**THE TASK:**
Transcribe the records that follow. Keep every word exactly, and drop the pictures.

[Dataset entries]
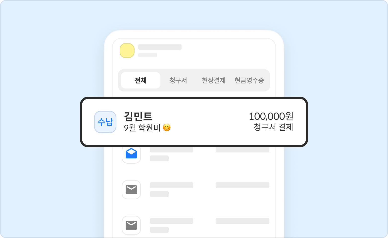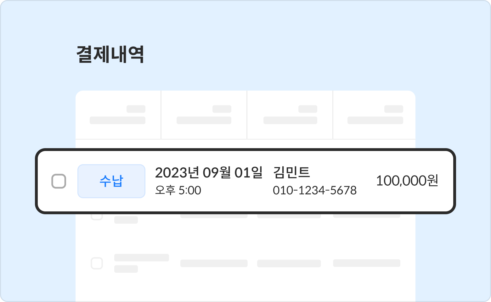 결제내역 화면에서 결제취소를 원하는 청구서를 클릭해 주세요.
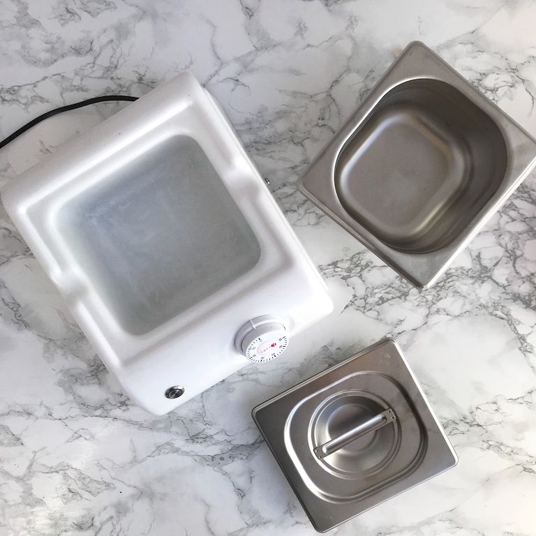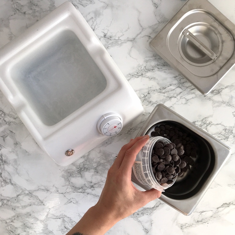 Когда шоколад достиг необходимой температуры в 44-46 градусов, переводим ручку регулятора температуры на 0 и вынимаем металическую ванну из корпуса. Ну, и теперь самое интересное. Вы можете пойти по классической схеме: нагреть шоколад, остудить на мраморной доске и снова слегка нагреть. А можете воспользоваться более простым способом.
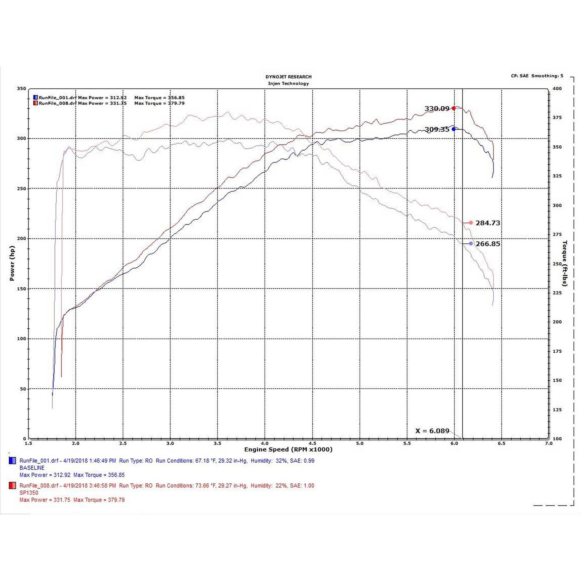 Additionally, the SP1350 dual intake system includes a fully serviceable Injen SuperNano-Web dry air filter, which provides increased filter surface area allowing for greater airflow and unbeatable filtration. If that is not enough, the Injen SP performance intake provides power you can hear and feel! On our dyno, the SP1350 dual intake system put down an impressive 21 additional horsepower and 18 pound-feet of tire-scorching torque!
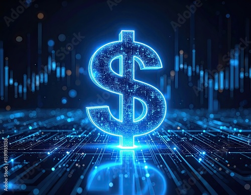 digital, dollar, signs, circuit, board, blue, light, glow, tech, finance, economy, futuristic, abstract, graphic, design, innovation, technology, money, electronic, symbol, modern, datum, network, interface, virtual, concept, three-dimensional, bright, pattern
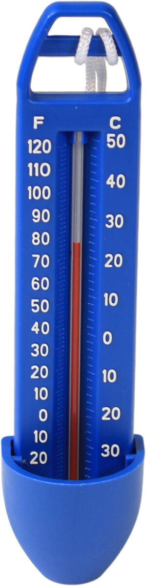 Kompakt badetermometer som flyter stående i vannet. Det leveres med snor til innfesting i badestige.
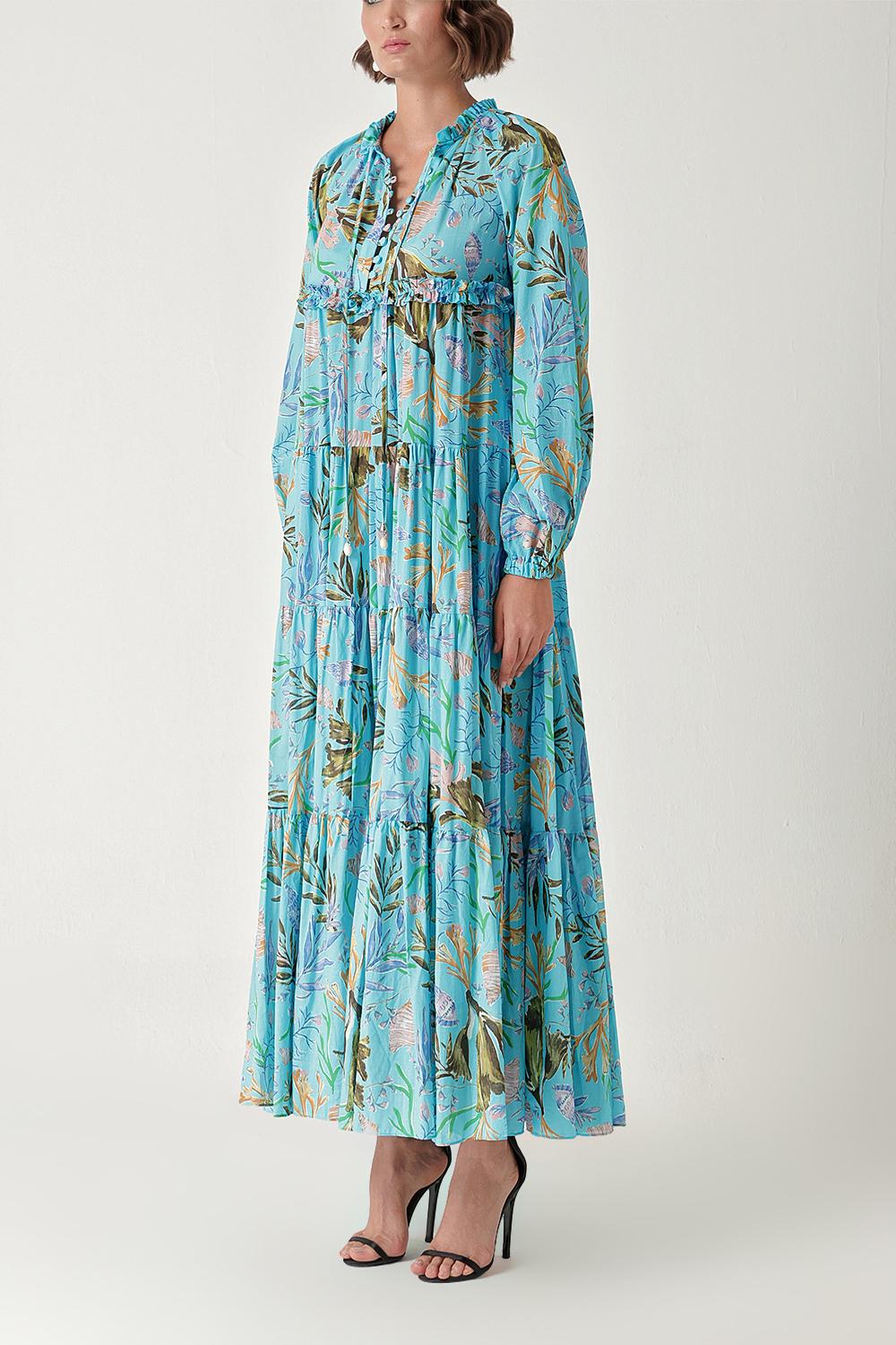 Mavi Büzgülü aksesuar detaylı uzun elbise 94346
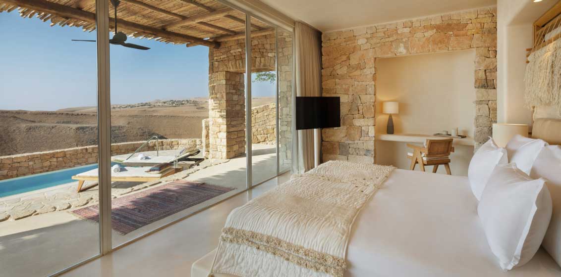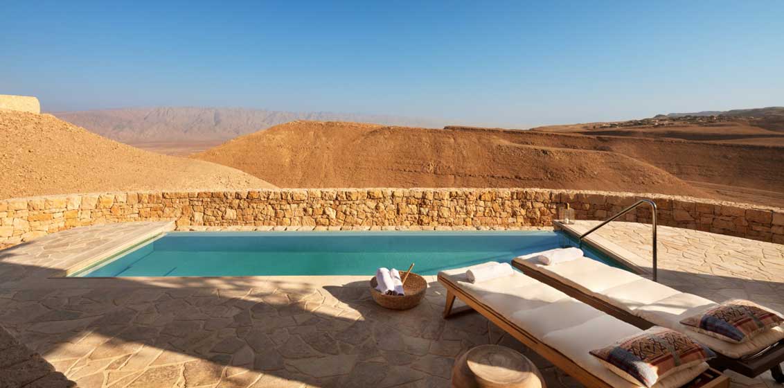 Israel’s Negev Desert might not be as big as the 348,750 sq km Great Victoria Desert but even at a mere 13,000 sq km it deserves to be taken seriously – as does its premier resort, Six Senses Shaharut. It’s a unique oasis, four hours’ drive south of Tel Aviv. In a 360-degree empty panorama, palest pink with uninterrupted blue sky over. You’re emotionally lost in another world even before you arrive.
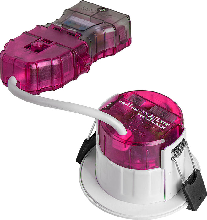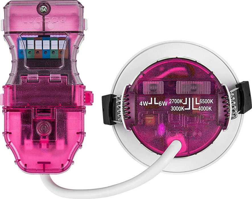 Product Description:Luceco’s FType Elite fire-rated LED downlights are designed for contractors, combining effortless installation with adjustable performance. Featuring the ClipFit connector, tool-free NEL-NEL push-fit terminal block supporting 500V insulation resistance testing, 360° wiring access with QuickView for wiring inspections, and offering 4W/6W power settings and adjustable CCT (2700K–6000K) for tailored lighting in modern spaces. Patented ClipFit connector and NEL NEL tool-free terminal block simplify first and second fix setups. 500V insulation testing connector block allowing you to comprehensively test all installations without the hassle Designed for professionals with 360° wiring access and QuickView inspection for seamless cable management. Power and lighting modes selectable. 4W/6W as standard Choose between Dim2Warm and ColourChange models for complete lighting flexibility
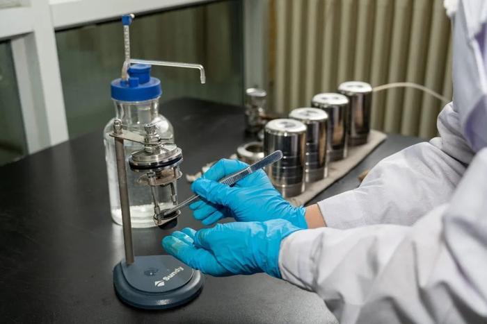 ▲这双稳健操作着高精度电子天平的手,是中国中煤能源研究院科研人员的得力助手,能使天平精确到百万分之一克。这双手与天平默契配合,是科研工作中不可或缺的一环,准确无误称量样品、记录微小变化,为实验数据的可靠性提供坚实保障。

**RESPONSE TO THE EXERCISE:**
 결제내역 화면에서 결제취소를 원하는 청구서를 클릭해 주세요.
 Когда шоколад достиг необходимой температуры в 44-46 градусов, переводим ручку регулятора температуры на 0 и вынимаем металическую ванну из корпуса. Ну, и теперь самое интересное. Вы можете пойти по классической схеме: нагреть шоколад, остудить на мраморной доске и снова слегка нагреть. А можете воспользоваться более простым способом.
 Additionally, the SP1350 dual intake system includes a fully serviceable Injen SuperNano-Web dry air filter, which provides increased filter surface area allowing for greater airflow and unbeatable filtration. If that is not enough, the Injen SP performance intake provides power you can hear and feel! On our dyno, the SP1350 dual intake system put down an impressive 21 additional horsepower and 18 pound-feet of tire-scorching torque!
 digital, dollar, signs, circuit, board, blue, light, glow, tech, finance, economy, futuristic, abstract, graphic, design, innovation, technology, money, electronic, symbol, modern, datum, network, interface, virtual, concept, three-dimensional, bright, pattern
 Kompakt badetermometer som flyter stående i vannet. Det leveres med snor til innfesting i badestige.
 Mavi Büzgülü aksesuar detaylı uzun elbise 94346
 Israel’s Negev Desert might not be as big as the 348,750 sq km Great Victoria Desert but even at a mere 13,000 sq km it deserves to be taken seriously – as does its premier resort, Six Senses Shaharut. It’s a unique oasis, four hours’ drive south of Tel Aviv. In a 360-degree empty panorama, palest pink with uninterrupted blue sky over. You’re emotionally lost in another world even before you arrive.
 Product Description:Luceco’s FType Elite fire-rated LED downlights are designed for contractors, combining effortless installation with adjustable performance. Featuring the ClipFit connector, tool-free NEL-NEL push-fit terminal block supporting 500V insulation resistance testing, 360° wiring access with QuickView for wiring inspections, and offering 4W/6W power settings and adjustable CCT (2700K–6000K) for tailored lighting in modern spaces. Patented ClipFit connector and NEL NEL tool-free terminal block simplify first and second fix setups. 500V insulation testing connector block allowing you to comprehensively test all installations without the hassle Designed for professionals with 360° wiring access and QuickView inspection for seamless cable management. Power and lighting modes selectable. 4W/6W as standard Choose between Dim2Warm and ColourChange models for complete lighting flexibility
 ▲这双稳健操作着高精度电子天平的手,是中国中煤能源研究院科研人员的得力助手,能使天平精确到百万分之一克。这双手与天平默契配合,是科研工作中不可或缺的一环,准确无误称量样品、记录微小变化,为实验数据的可靠性提供坚实保障。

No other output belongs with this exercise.